(Beginning of Material for this exercise)

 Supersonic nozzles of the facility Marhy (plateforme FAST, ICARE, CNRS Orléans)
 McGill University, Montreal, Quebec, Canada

(End of Material for this exercise)
(Beginning of Material for this exercise)

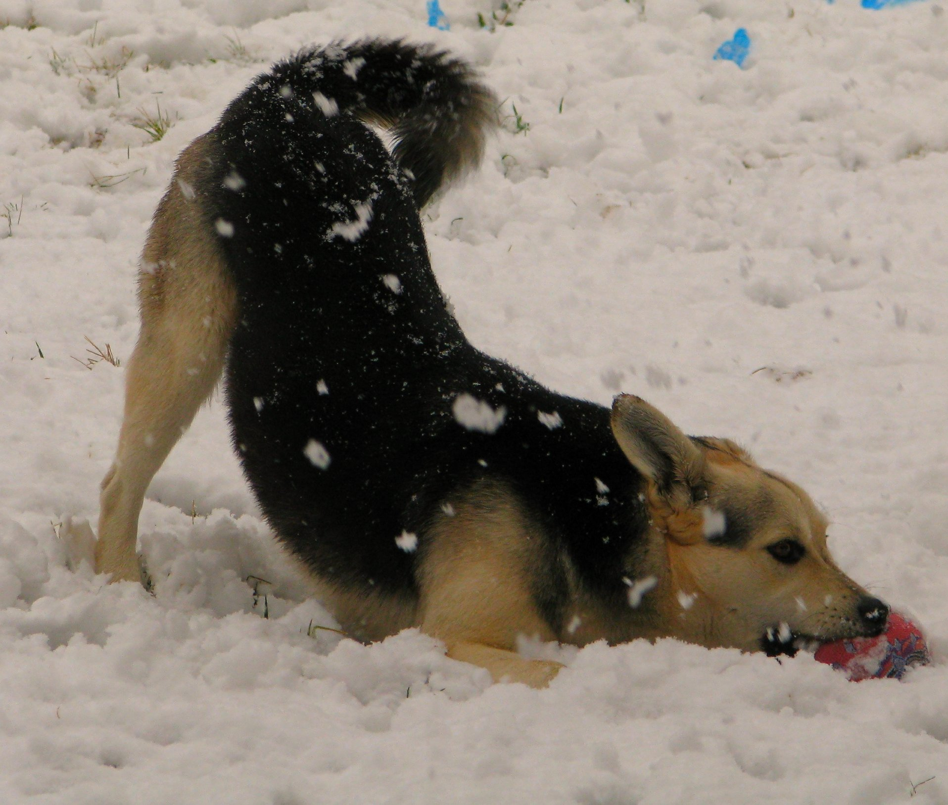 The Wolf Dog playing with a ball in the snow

(End of Material for this exercise)
(Beginning of Material for this exercise)

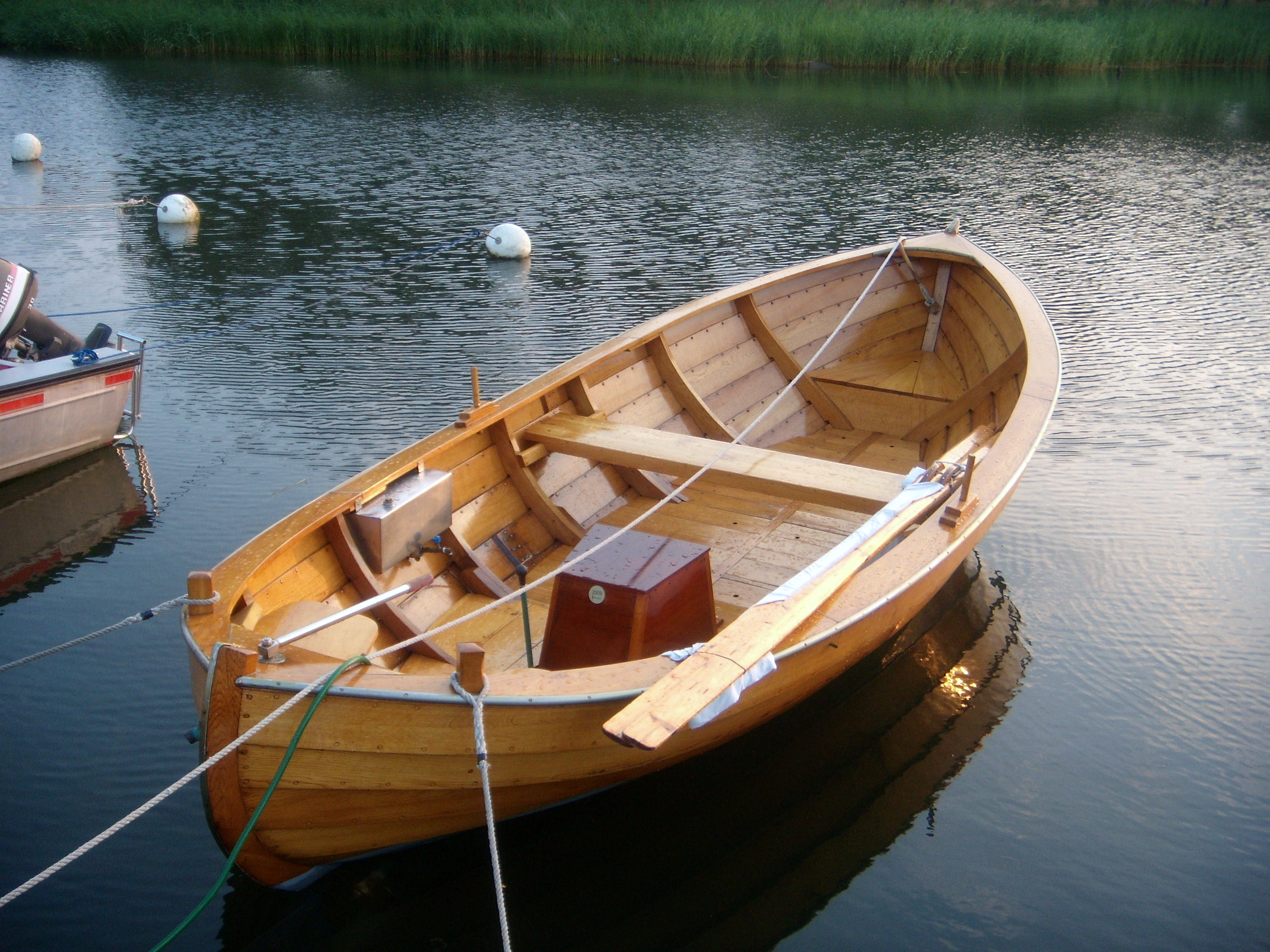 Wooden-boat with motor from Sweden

(End of Material for this exercise)

== How to complete this task ==
The expected answer is an exact copy of the lines above, beginning at the line with "Supersonic nozzles of" and ending at the line with "McGill University, Montreal, Quebec, Canada", with both ends in.

== Output below ==
 Supersonic nozzles of the facility Marhy (plateforme FAST, ICARE, CNRS Orléans)
 McGill University, Montreal, Quebec, Canada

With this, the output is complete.